Muzeum Historii Przemysłu w podkaliskim Opatówku, które ma największą w Polsce kolekcję pianin i fortepianów chce odnowić instrument z najstarszej kaliskiej wytwórni.
Fabryka działała na początku XIX wieku, czyli w czasach, kiedy żył Chopin - mówi kustosz muzeum Ewa Kamila Kłysz.
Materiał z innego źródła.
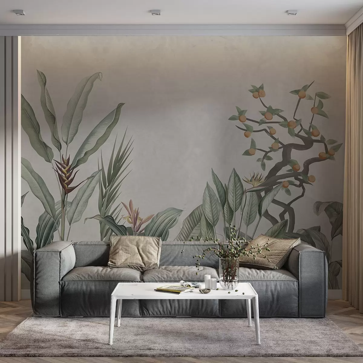 Fototapety Tropická kompozícia s rastlinami a stromom na sivastom pozadí Nr. w04201v1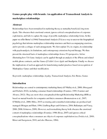 Relationships have been normalised in marketing theory as mutuality beneficial, long-term dyads. This obscures their emotional content, ignores critical conceptualisations of corporate exploitation, and fails to capture the range of possible marketplace relationship forms. In this paper we offer Berne’s (1964) Transactional Analysis (TA) as a way to uncover the biographical psychology that informs marketplace relationship structures and their accompanying emotions, and to provide a critique of such arrangements. We first explain TA, its origins, its relationship with psychoanalysis, its limitations, and contemporary extensions beyond therapy. We then present the structural basis of marketplace relationships from a TA perspective, before illustrating how TA Game Analysis can be applied through an analysis of the iPhone and related mobile phone contracts, and the Games If I didn’t Love Apple and Smallprint. Finally we discuss the implications of such an approach for transforming market practices based on recognition of Marketplace Games and their modification.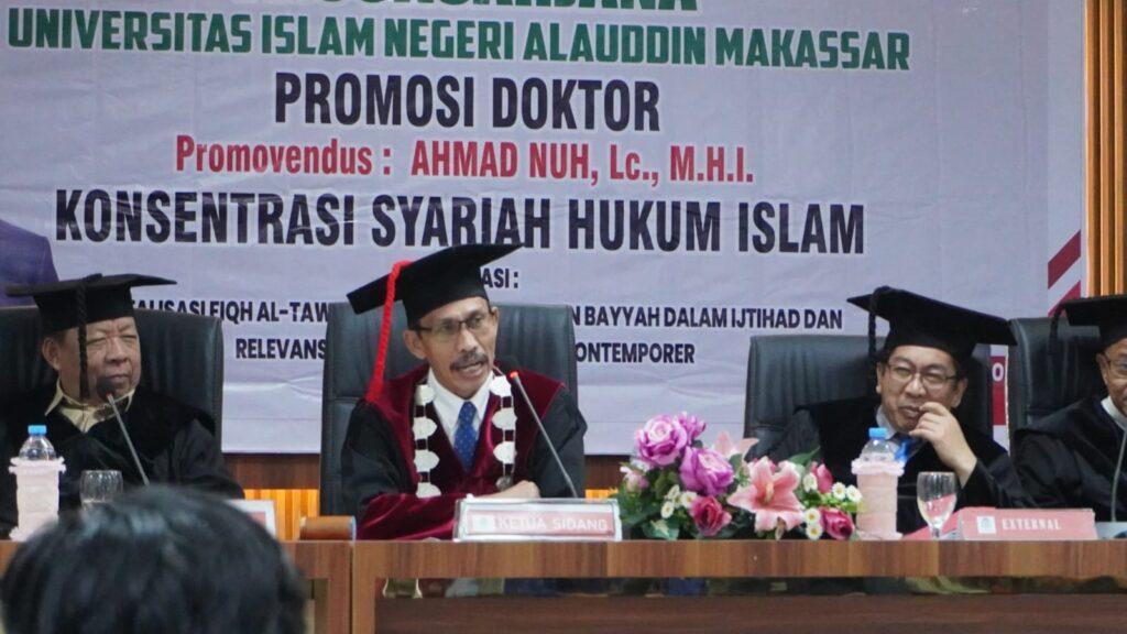 Gowa, 30 Juli 2025 — Ahmad Nuh, Lc., M.H.I., salah satu dosen terbaik Sekolah Tinggi Agama Islam (STAI) Al-Azhar Gowa, resmi meraih gelar doktor setelah berhasil mempertahankan disertasinya dalam ujian terbuka promosi doktor di Program Studi Dirasah Islamiyah Konsentrasi Syariah/Hukum Islam, Pascasarjana UIN Alauddin Makassar.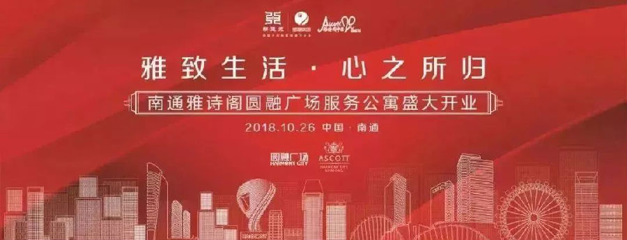 2018年10月26日,新建元圆融集团携手雅诗阁合作的酒店项目南通雅诗阁圆融广场服务公寓在南通圆融广场迎来盛大开业。新建元圆融集团领导及雅诗阁中国区领导出席了此次开业仪式。

W planach mam nie tylko konserwację zachowawczą, ale też przywrócenie do życia fortepianu z najstarszej kaliskiej wytwórni Lindemana. W Polsce zachowały się tylko dwa takie obiekty. Jeden znajduje się w kolekcji ostromeckiej, a drugi właśnie u nas w muzeum opatóweckim. Chcielibyśmy, aby ten fortepian z pocz. XIX wieku z czasów Chopina odzyskał te walory użytkowe, aby stanął tu w tej sali i żeby służył realizacji koncertów kameralnych
- mówi Ewa Kamila Kłysz.
Część pianin i fortepianów z opatóweckiej kolekcji przeszła w tym roku remont i konserwację. Dzięki temu udało się ocalić wiele zabytkowych instrumentów. Jeden z nich - koncertowa Calisia z 1958 roku odzyskała także dawne brzmienie. Pieniądze na konserwację instrumentów pochodziły z Ministerstwa Kultury i Dziedzictwa Narodowego. W sumie w Opatówku zgromadzono prawie 100 pianin i fortepianów.